Not so many years ago, it was standard partisan (expletive deleted) to call any Democrat a Communist, any Republican a Nazi.  I tried to suppress this false argument as ridiculous abuse of words which ought to have real meaning.  While I won't claim significant credit, the free use of Communist / Nazi descriptors seems to be far less fashionable these days.  If nothing else, it has just been over done.  If somebody uses these inappropriate descriptions, it reflects poorly on the person using the description more than the person allegedly being described.

These days, instead of 'Communist' or 'Nazi' people are using 'authoritarian'.  Same thing.  The word has been changed to protect the propagandists.  

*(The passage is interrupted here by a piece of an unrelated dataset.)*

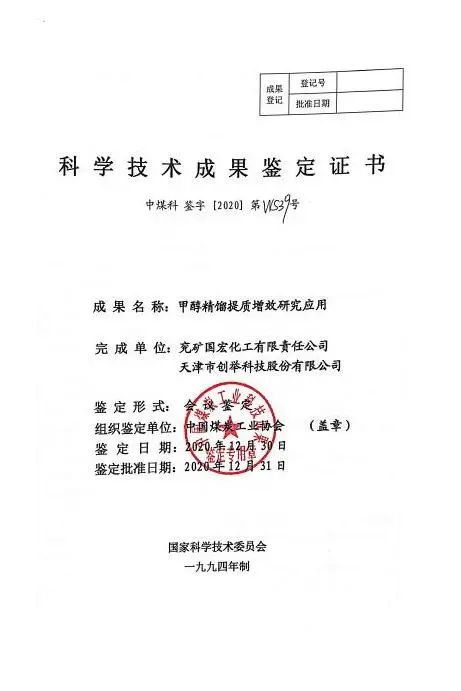 2020年底,中國煤炭工業(yè)協(xié)會(huì )組織有關(guān)專(zhuān)家,對國宏公司及創(chuàng )舉科技共同申報的“甲醇精餾提質(zhì)增效研究應用”技術(shù)進(jìn)行科學(xué)技術(shù)成果鑒定。經(jīng)專(zhuān)家鑒定,該項技術(shù)成果達到“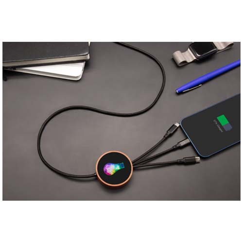5-in-1 recycled PET light-up logo charging cable and 10W bamboo charging pad. Features 3 connectors (type C, micro USB, iPhone) and a dual USB connector for universal use. Delivered in a TPU pouch with a kraft paper card. Cable length: 1 metre. Includes 3 year warranty.

Who is the word being used to attack?  What is the new meaning of the word?  It seems like an 'authoritarian' is anyone who dislikes the corrupt politics as usual that favors the wealthy few.

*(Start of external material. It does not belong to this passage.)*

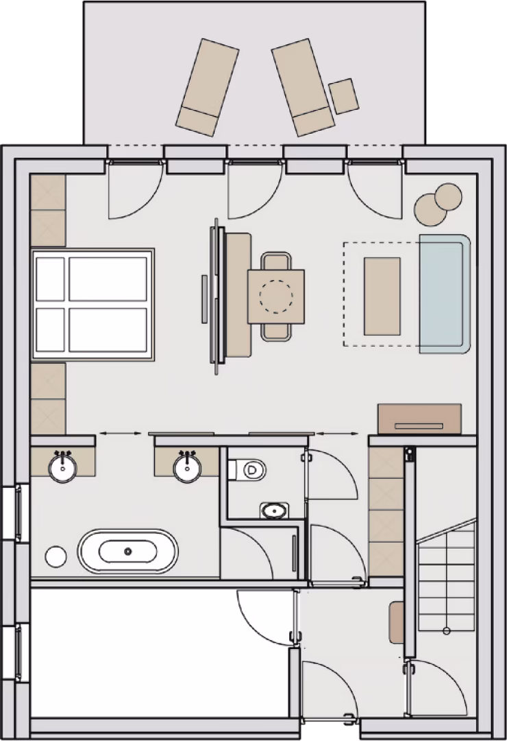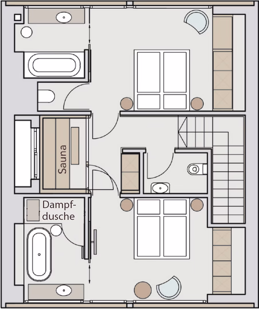- 2 Schlafzimmer mit eigenen Badezimmern und Sauna in der oberen Etage

Now, I'm not authoritarian.  I'll express dislike of Stalin, Hitler and Saddam equally and vehemently.  I'm the modern Whig.  I'm in favor of democracy, human rights, equality and freedom.  At the same time, I see an element in all of the crises in modern Anglo-American history of a wealthy elite establishment having too much power.  There is generally a new elite who acquired wealth using a new technology allying with the People to weaken the hold of the old elite in the name of the Whig virtues.

From my neo-whig perspective, the authoritarian is generally the establishment rather than the People and the new elite.  The authoritarians using force and coercion to subdue and subjugate the People are the kings, nobility, slave owners and robber barons.  This generalization might not apply so cleanly this time around.  Still, applying it to the anti-establishment side doesn't feel right to me.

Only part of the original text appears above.